How will the Budget's Salary Sacrifice changes impact you?
Last autumn's Budget makes pension salary sacrifice less advantageous. How will this affect you, and should you change plans?
MyFinanceFuture
Written by: Richard Squire
8 Apr 26
Article
Planning
Impact of Salary Sacrifice Budget changes

Pension Salary Sacrifice: Benefits, Drawbacks, and What Changes in 2029

Prompted by the recent enhancements to the MyFinanceFuture Planner to incorporate changes to pension salary sacrifice announced by the Chancellor in the last Budget, this article gives you what you need to know about saving into a pension via salary sacrifice — and how the Budget changes affect the strategy.

Content

  1. Why is saving into a pension by salary sacrifice a good thing?
  2. What are the downsides compared to other investments, like ISAs?
  3. How does the benefit of salary sacrifice vary by income level?
  4. What's changing as a result of the Budget?
  5. Why did the government introduce the changes?
  6. How will salary sacrifice work in practice after April 2029?
  7. How do the changes affect the numbers at different income levels?
  8. What should you consider doing differently before and after the changes?
  9. Final thoughts: will salary sacrifice still be worth it?

Why is saving into a pension by salary sacrifice a good thing?

Workplace pension saving is one of the most tax-efficient ways to build long-term wealth — and salary sacrifice adds further advantages on top of the standard benefits.

General benefits of workplace pension saving

  • Matched Employer contributions add “free money” on top of your own savings that you would not otherwise receive.
  • Tax relief at your highest marginal rate — anywhere from 20% to an effective 60% depending on your earnings — makes pensions one of the most powerful tax-efficient savings vehicles available.
  • Child Benefit savings: if your income is between £60k–£80k and you have children under 18, pension contributions that reduce your adjusted net income can reduce or eliminate the Higher Income Child Benefit Charge.
  • Childcare savings: if you earn over £100k and have young children, pension contributions that bring adjusted net income below £100k can unlock funded childcare worth up to £13,000 per year per child.
  • Tax-efficient growth: pension funds grow largely free of income tax and capital gains tax, meaning more of your investment return compounds over time.
  • Higher contribution limits: you can contribute up to £60,000 per year into a pension (subject to earnings), compared to a £20,000 annual ISA limit.
  • Ease of saving: auto-enrolment and payroll deduction make pension saving automatic and low-effort, supporting consistent long-term wealth building.

Additional benefits specific to salary sacrifice

  • You avoid paying Employee National Insurance (NI) on contributions — worth up to 8% of the amount contributed depending on your earnings.
  • Your employer avoids Employers' NI, saving 15% of the contribution — many employers share this saving with employees through enhanced pension contributions.

What are the downsides compared to other investments like ISAs?

Pensions are not suitable for every savings goal, and salary sacrifice in particular introduces some trade-offs worth understanding before you commit.

General drawbacks of pension saving

  • Locked-in funds: pension money is inaccessible until at least the Normal Minimum Pension Age (currently 55–57), making pensions unsuitable for emergency funds or medium-term goals.
  • Tax risk in retirement: if you expect to pay a higher rate of tax in retirement than now, heavy pension saving may be less efficient. A balanced mix of pensions and ISAs supports better tax planning.
  • Rule changes: governments have changed pension and tax rules repeatedly in recent years and may do so again, affecting when and how you access your pension and how withdrawals are taxed.

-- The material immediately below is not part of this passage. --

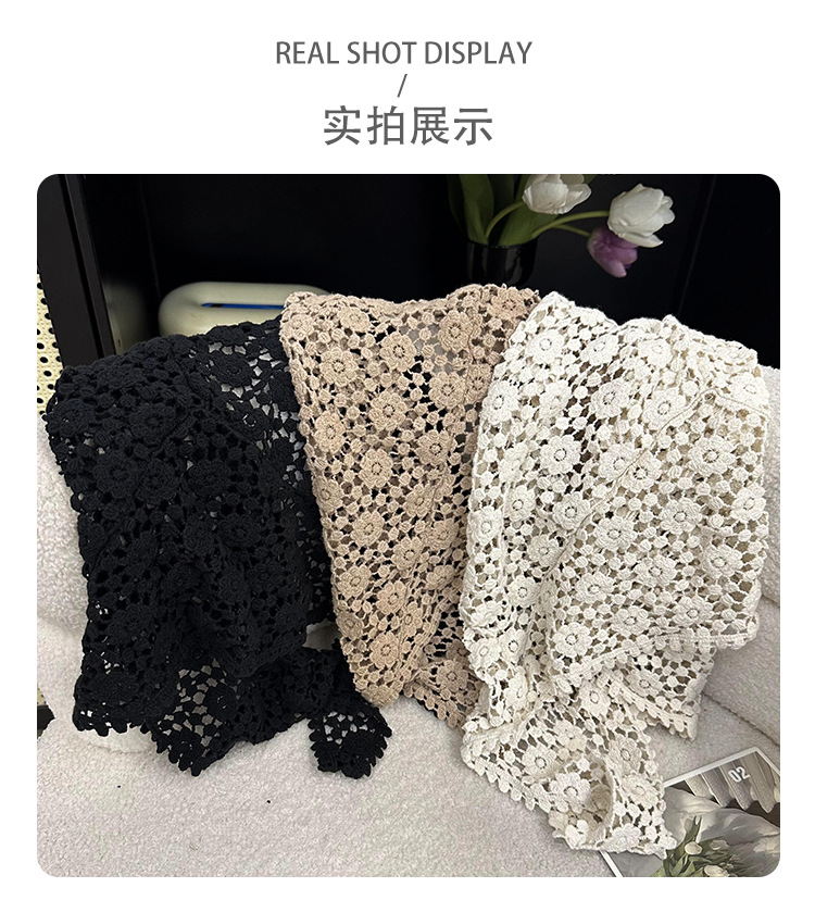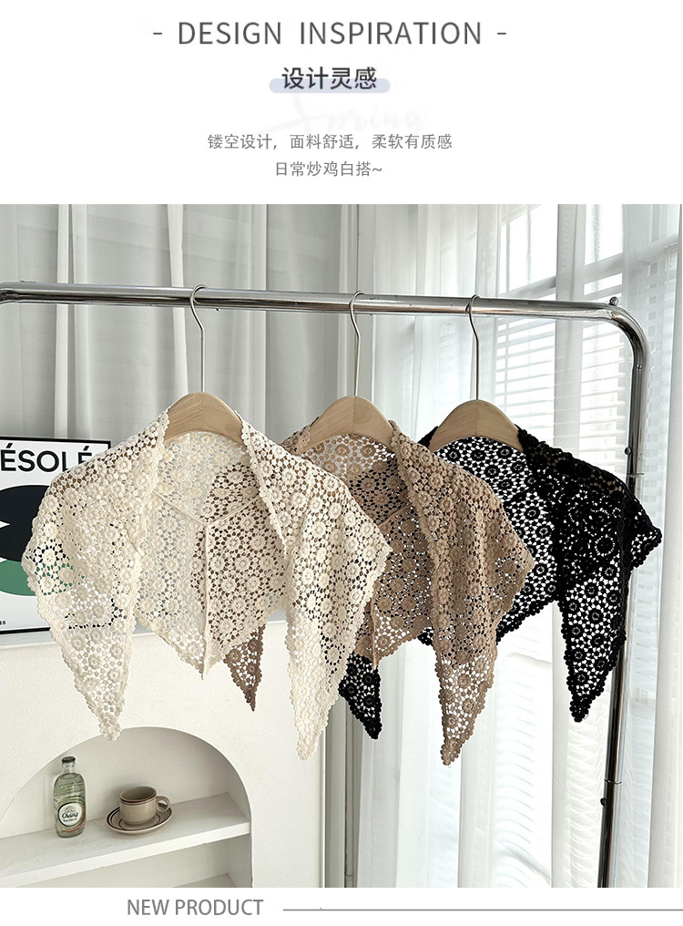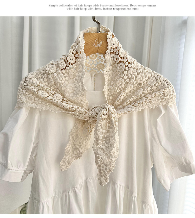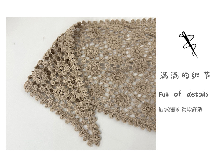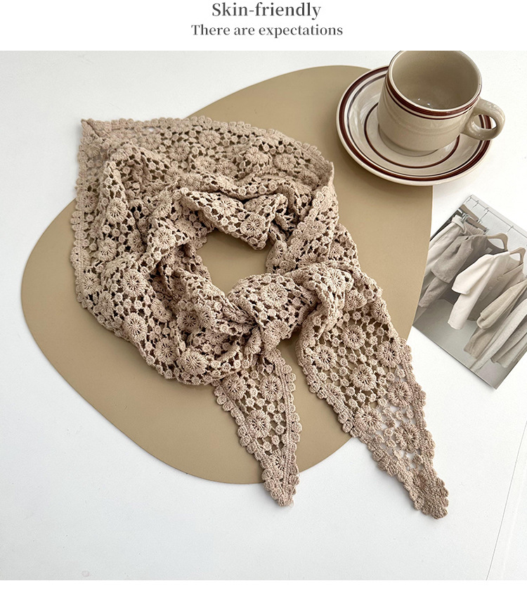 Pañuelo triangular de color sólido hueco de estilo coreano para mujer, turbante de ganchillo hecho a mano francés, bufanda decorativa de viaje para primavera y verano

Specific drawbacks of salary sacrifice

  • Lower contractual salary: salary sacrifice reduces your headline salary, which can reduce employment benefits linked to pay, such as life cover, income protection, and employer sick pay.
  • Mortgage affordability: some lenders base borrowing limits on basic salary, so a lower contractual salary can reduce how much you can borrow — though some lenders do assess affordability on pre-sacrifice salary or net disposable income.
  • Low earners may be limited in the extent to which they can sacrifice salary by enforcement of minimum salary levels (e.g. minimum wage), or find doing so takes them below thresholds for building State Pension qualifying years or for statutory maternity pay.
  • Very high earners (over £200,000) need to consider how salary sacrifice interacts with the annual allowance taper, which differs from standard pension contributions and may be less beneficial in some cases.

How does the benefit of salary sacrifice vary by income level?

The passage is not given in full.